* **Your objective**: Your job is to retype all of the data word for word, leaving every image out.

* **Dataset extract**:
>>>

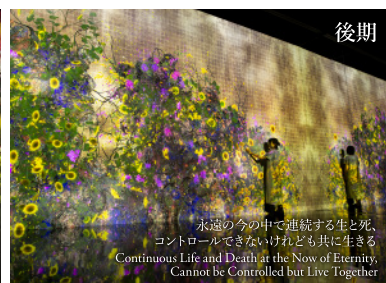
増殖する無量の生命 Proliferating Immense Life
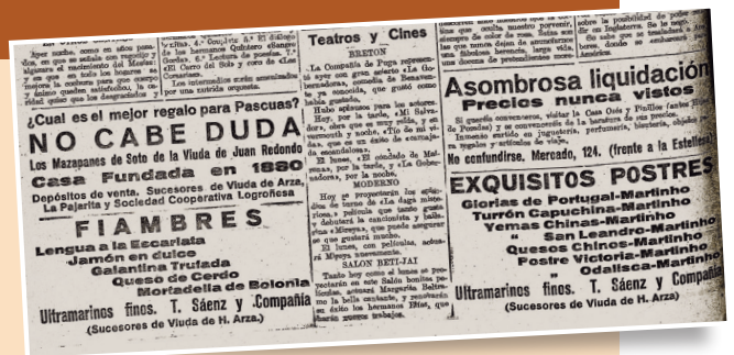
Publicidad navideña, 1921.

repartió un traje completo, una buena bufanda y abundantes turrónes. Aquel año la nación estaba en conflicto bélico, en plena Campaña de Annual contra las tropas de Abd el-Krim, en el Rif. En los cuarteles logroñeses se tenía presente a los soldados destinados en los campamentos africanos. La cena de Nochebuena, en el regimiento de Bailén, consistió en pisto de patatas con huevo y tomate, cordero en salsa, merluza frita, vino, turrón, mazapán y café con coñac. En parecidos términos fue la comida navideña del regimiento de Cantabria: alubias con chorizo y carne de cerdo, merluza con salsa verde, cordero asado, turrón-mazapán, vino y café.

<<<

* **Written response**:
増殖する無量の生命 Proliferating Immense Life
Publicidad navideña, 1921.

repartió un traje completo, una buena bufanda y abundantes turrónes. Aquel año la nación estaba en conflicto bélico, en plena Campaña de Annual contra las tropas de Abd el-Krim, en el Rif. En los cuarteles logroñeses se tenía presente a los soldados destinados en los campamentos africanos. La cena de Nochebuena, en el regimiento de Bailén, consistió en pisto de patatas con huevo y tomate, cordero en salsa, merluza frita, vino, turrón, mazapán y café con coñac. En parecidos términos fue la comida navideña del regimiento de Cantabria: alubias con chorizo y carne de cerdo, merluza con salsa verde, cordero asado, turrón-mazapán, vino y café.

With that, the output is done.